An open-source hosted agent platform that turns coding agents into real team members. Supports task assignment, progress tracking, skill reuse, and works with Claude Code, Codex, and more. Uses a Squads routing layer for multi-agent orchestration with full lifecycle management. Solves the fragmentation problem in agent tooling.

💡 Why Star: If you're managing multiple agents across a team, this is the platform you've been waiting for. It turns agents from one-off tools into managed, reusable team assets. The multi-agent orchestration via Squads is a clean design. 30K stars confirms the pain point is real.

antoinezambelli/forge

⭐ 1,522 | 🗣️ Python | 🏷️ LLM, Agent, Framework

A reliability layer for self-hosted LLMs doing tool calling and multi-step agent workflows. Uses guards (parse rescue, retry prompts, step forcing) and context management (VRAM-aware budgets, hierarchical compression) to boost 8B local models to frontier-level performance on complex agent tasks. Supports Ollama, llama.cpp, and can run as a WorkflowRunner, middleware, or proxy server.

💡 Why Star: This directly addresses the #1 problem with local models: reliability. If you're running agents on self-hosted LLMs and hitting failures, Forge's guard system is a practical fix. The VRAM-aware context management is a nice touch for resource-constrained setups.

google/adk-samples

⭐ 9,382 | 🗣️ Python | 🏷️ Agent, Framework, DevTool

Google's official ADK sample repository with multi-language agent examples (Python, TypeScript, Go, Java). Covers real-world scenarios: customer service, data analysis, financial advisor, multi-agent orchestration. Built on the Agent Development Kit, ready to run. The best starting point for learning Google's agent framework.

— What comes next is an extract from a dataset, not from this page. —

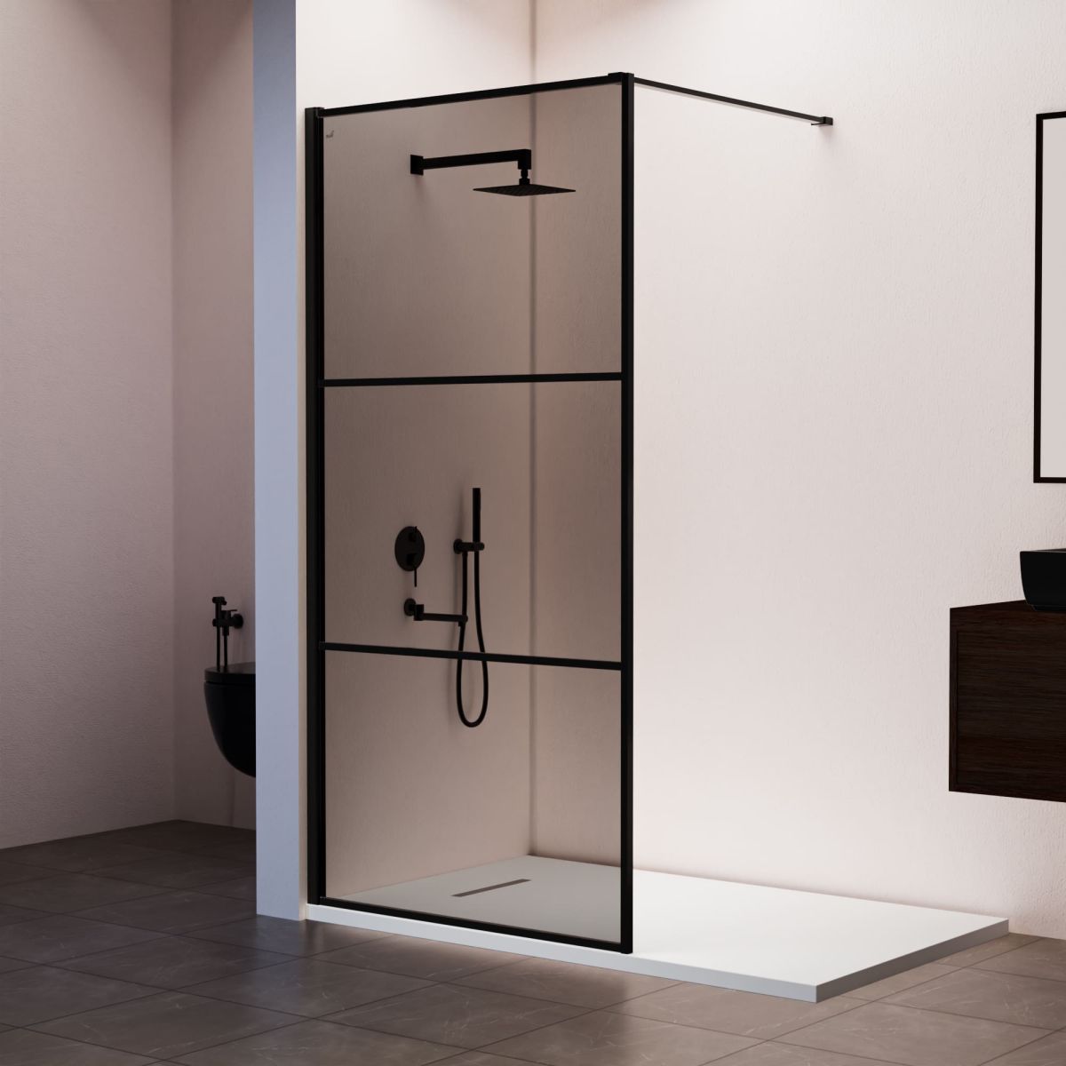 Душевая перегородка изготовлена из закаленного стекла 8 мм. Стекло имеет высокую степень прочности и блеска!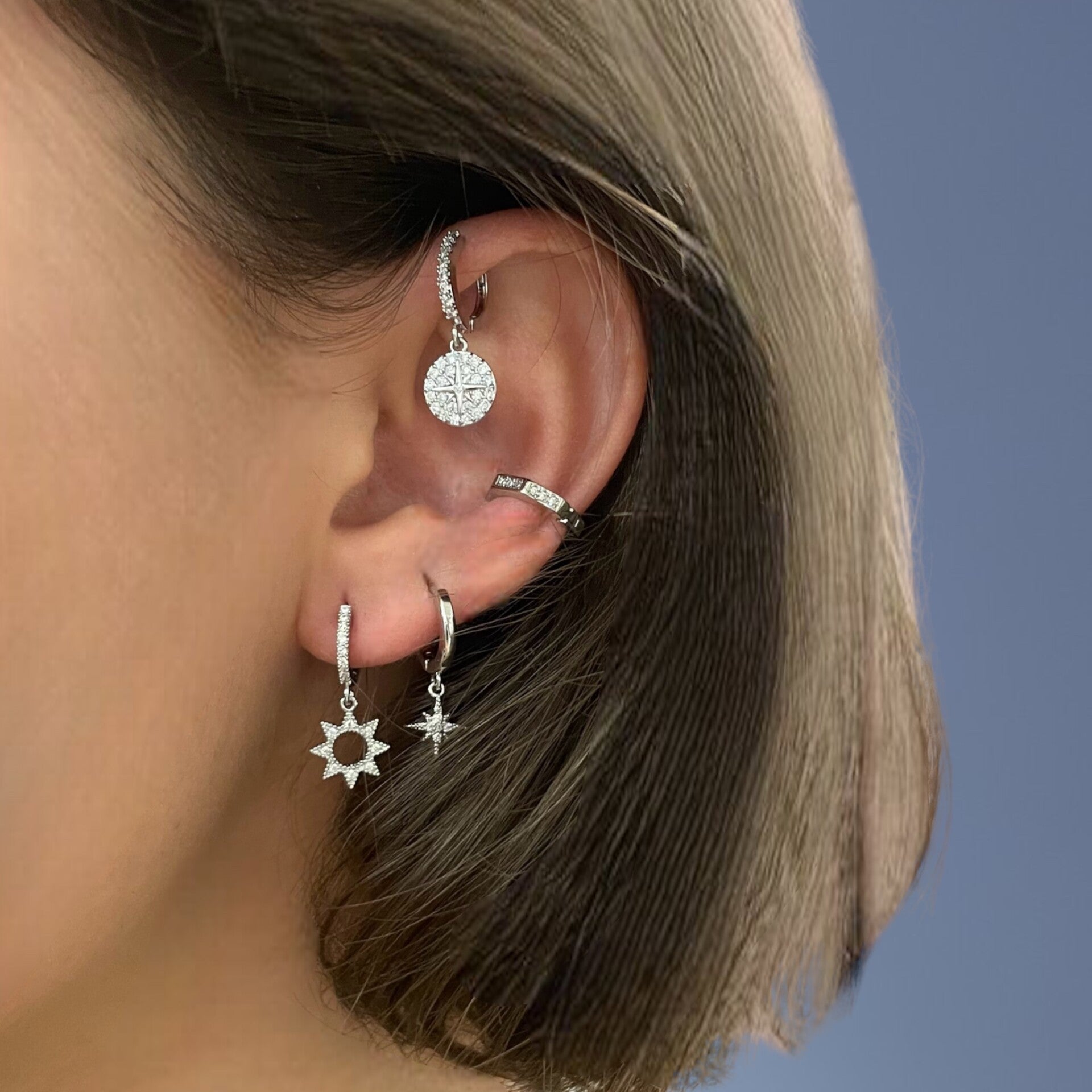 Vous êtes perdu ? vous ne savez plus quoi choisir ? retrouvez votre chemin avec la mono-boucle Boussola. Elle se compose d'une créole à strass et d'un pendentif rond avec les points cardinaux en relief et des strass.

💡 Why Star: Google's official samples are the fastest way to learn ADK. The multi-language support is rare and valuable for polyglot teams. Some samples are simple, but the breadth of scenarios makes this a useful reference.

microsoft/markitdown

⭐ 124,447 | 🗣️ Python | 🏷️ LLM, DevTool, Data

A lightweight Python tool from Microsoft's AutoGen team that converts PDFs, Office docs, images, audio, and more into Markdown — designed for LLM and text analysis pipelines. Supports OCR, speech transcription, YouTube link parsing. Output preserves headings, lists, tables. Integrates with AutoGen ecosystem. Dual mode: CLI and Python API.

💡 Why Star: 124K stars says it all. This is the standard tool for document preprocessing in LLM pipelines. If you're building RAG systems, agent tools, or any text analysis pipeline, this saves you from writing format-specific parsers. The AutoGen integration is a bonus.